We love the Big Island.  We've stayed at timeshare properties in Kona and in the Waikoloa Resort area.  We have stayed at the Bay Club several times and also at Kohala Suites.  Never have stayed at Kingsland.  Of the ones we have stayed at I prefer the Bay Club because the units are larger.  You don't get free access to the pools at the Hilton Hotel, but that was never important to us.  If resort pools are important to you I understand Kingsland has the best.  Kingsland is also the development farther away from the beach and closer to the main road.    There are also units now on the Hilton hotel property that have been converted to timeshare units.  I haven't seen them and don't know much.  My assumption would be they are smaller, and also there is a daily parking fee involved (and possibly a resort fee?) that the other properties don't have.

This map may help:


----------



## giowop (Apr 28, 2020)

For 12yo and 14yo, I’d strongly recommend Kingsland for the pool facilities alone. We had a 16yo and 20yo girls with my wife and I and we all spent hours at the Kingsland big pool. Slides, adult pool, polar plunge, a couple waterfalls, lots of tanning lounges, and a more-than adequate bar and grill-type area. By staying at Kingsland you have free access to the Hilton Waikoloa Village pool facilities. Our girls went there one day for a couple hours and that was it. They spent the rest of the time back at Kingsland.

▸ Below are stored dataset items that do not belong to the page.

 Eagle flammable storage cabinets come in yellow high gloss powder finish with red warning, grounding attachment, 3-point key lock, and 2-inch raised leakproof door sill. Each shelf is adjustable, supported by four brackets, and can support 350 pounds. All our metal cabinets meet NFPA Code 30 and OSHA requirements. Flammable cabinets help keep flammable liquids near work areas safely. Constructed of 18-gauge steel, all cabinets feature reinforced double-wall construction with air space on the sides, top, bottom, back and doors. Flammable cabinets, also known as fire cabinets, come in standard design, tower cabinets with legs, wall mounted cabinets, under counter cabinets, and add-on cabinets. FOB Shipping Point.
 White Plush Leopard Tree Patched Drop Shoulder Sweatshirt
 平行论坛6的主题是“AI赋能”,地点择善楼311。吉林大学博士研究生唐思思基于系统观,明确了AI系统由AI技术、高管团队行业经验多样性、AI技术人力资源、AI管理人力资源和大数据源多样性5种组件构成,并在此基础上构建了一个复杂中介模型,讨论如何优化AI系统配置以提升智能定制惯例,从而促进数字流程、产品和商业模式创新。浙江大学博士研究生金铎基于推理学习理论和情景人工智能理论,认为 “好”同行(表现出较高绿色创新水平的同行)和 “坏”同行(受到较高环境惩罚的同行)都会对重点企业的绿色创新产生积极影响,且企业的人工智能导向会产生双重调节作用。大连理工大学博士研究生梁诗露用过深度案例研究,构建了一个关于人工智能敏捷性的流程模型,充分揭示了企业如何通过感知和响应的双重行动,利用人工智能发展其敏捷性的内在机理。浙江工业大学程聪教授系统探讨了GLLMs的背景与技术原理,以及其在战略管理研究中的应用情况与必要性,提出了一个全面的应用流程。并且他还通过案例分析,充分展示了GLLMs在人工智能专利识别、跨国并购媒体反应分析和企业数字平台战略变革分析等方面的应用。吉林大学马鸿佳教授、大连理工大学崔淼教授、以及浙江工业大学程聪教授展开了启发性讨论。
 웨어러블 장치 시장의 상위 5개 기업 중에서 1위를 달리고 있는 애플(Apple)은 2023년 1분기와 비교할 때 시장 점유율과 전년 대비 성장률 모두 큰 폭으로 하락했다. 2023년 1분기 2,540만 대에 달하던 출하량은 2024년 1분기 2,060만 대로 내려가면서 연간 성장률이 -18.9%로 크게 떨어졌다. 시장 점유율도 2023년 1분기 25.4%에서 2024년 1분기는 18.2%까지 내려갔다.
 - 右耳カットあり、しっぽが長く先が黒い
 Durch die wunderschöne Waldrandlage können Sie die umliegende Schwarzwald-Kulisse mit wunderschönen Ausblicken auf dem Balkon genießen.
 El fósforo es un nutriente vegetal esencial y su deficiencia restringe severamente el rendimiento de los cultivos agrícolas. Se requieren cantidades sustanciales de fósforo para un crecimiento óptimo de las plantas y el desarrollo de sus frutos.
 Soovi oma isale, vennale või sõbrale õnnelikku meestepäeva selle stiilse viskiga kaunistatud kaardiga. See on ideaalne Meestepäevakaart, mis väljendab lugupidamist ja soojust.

The secondary pool area in phase III was also convenient (between building #24 and 25.

Rent a car, park for free at Kingsland, and basically ignore the Waikoloa Village big resort, often called the Hilton version of Disneyland out there. Yes there is a sort of beach but it’s on a lagoon. No direct beach access to the ocean for swimming other than walking around a rocky Peninsula. Instead drive 10 minutes to nearby Kapuna beach for sunsets every night. Also free!


Sent from my iPhone using Tapatalk


----------



## Luanne (Apr 28, 2020)

Just one more comment.  Is your family more of a pool family or a beach family?  Ours is a beach family.  Only when our girls were really little did they prefer the pool.  Or maybe not prefer it as they loved the beach as well.  We had a pool at home so maybe that's why access to a pool wasn't as great a thrill.  But the beach!  Sand, waves, sea life.  That's why for us having access to "great" pools wasn't that much of a pull.


----------



## geist1223 (Apr 28, 2020)

¿Have you looked at Kaua'i and/or Mau'i?


----------



## Luanne (Apr 28, 2020)

geist1223 said:


> ¿Have you looked at Kaua'i and/or Mau'i?


No Hiltons on Maui.  Are there any on Kauai?


----------



## dayooper (Apr 28, 2020)

Luanne said:


> No Hiltons on Maui.  Are there any on Kauai?



None that I know of.


----------



## Tamaradarann (Apr 28, 2020)

skier4 said:


> We're planning our first-ever trip to Hawaii and are hoping to stay at HGVC for most or all of our time. While we may have to take whatever's available for when we want to go, any advice on significant differences? It looks like all the resorts in Honolulu are on top of each other so I'm looking at room sizes (we're a family of 4 with kids 12 & 14) and proximity to the beach but are there other differences to consider? Do some have better pools or are less crowded? Same for the Big Island resorts. The website doesn't give a whole lot to go off of. Any advice is appreciated!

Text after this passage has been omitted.